The Company does not have any significant foreign currency denominated monetary liabilities. The principal business of the Company is the identification and evaluation of assets or a business and once identified or evaluated, to negotiate an acquisition or participation in a business subject to receipt of shareholder approval and acceptance by regulatory authorities.
Interest Rate Risk
The Company is exposed to interest rate risk on the variable rate of interest earned on bank deposits. The fair value interest rate risk on bank deposits is insignificant as the deposits are short-term.
The Company has not entered any derivative instruments to manage interest rate fluctuations.
Credit Risk
Credit risk is the risk of loss associated with the counterparty's inability to fulfill its payment obligations. Financial instruments that potentially subject the Company to concentrations of credit risks consist principally of cash. To minimize the credit risk, the Company would intend to place these instruments with a high-quality financial institution.
Liquidity Risk
ln the management of liquidity risk of the Company, the Company maintains a balance between continuity of funding and the flexibility using borrowings. Management closely monitors the liquidity position and expects to have adequate sources of funding to finance the Company's operations.
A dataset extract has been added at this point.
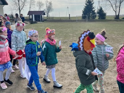 To był niezwykle intensywny, ale wspaniały tydzień! Rozkwitająca wiosna zainspirowała nas do różnorodnych aktywności, które zaangażowały całą naszą szkolną społeczność. Na początku tygodnia nikt z uczniów nie był pytany i nie otrzymał żadnej oceny, ponieważ był to dzień bez ocen. We wtorek wszystkie śpiochy nie musiały się rano przebierać, bo mogły przyjść do szkoły w piżamie. W środę plecak był zbędny, czyli dzieci przyszły bez plecaków. Za to książki zostały przetransportowane z domów w innej formie. W czwartek na każdej przerwie było sportowo. Piątek był zwieńczeniem całego tygodnia. Dzieci przyszły do szkoły w kolorowych ubraniach, z ciekawymi nakryciami głowy oraz w dwóch rożnych skarpetkach. Uczniowie obejrzeli także wiosenny teatrzyk, udali się na przemarsz ulicami wioski oraz zatopiły Marzannę. Dziękujemy wszystkim za zaangażowanie i pozytywną energię! Niech wiosna przyniesie nam wszystkim jeszcze więcej radości i sukcesów!

Exploration Stage Mineral Exploration Risks
Exploration stage mineral exploration companies face a variety of risks with very few exploration projects successfully achieving development stage due to factors that cannot be predicted or anticipated. Even one such factor may result in the economic viability of a project being detrimentally impacted such that it is neither feasible nor practical to proceed.
Additional Disclosure for Junior Companies
The Company expects that the proceeds raised in July 2020 pursuant to the private placement offering will continue to fund operations through 2021.The estimated total general and administrative costs necessary for the Company to operate during the following 12 months is $330,000 and includes further estimated costs related to potential acquisition candidates.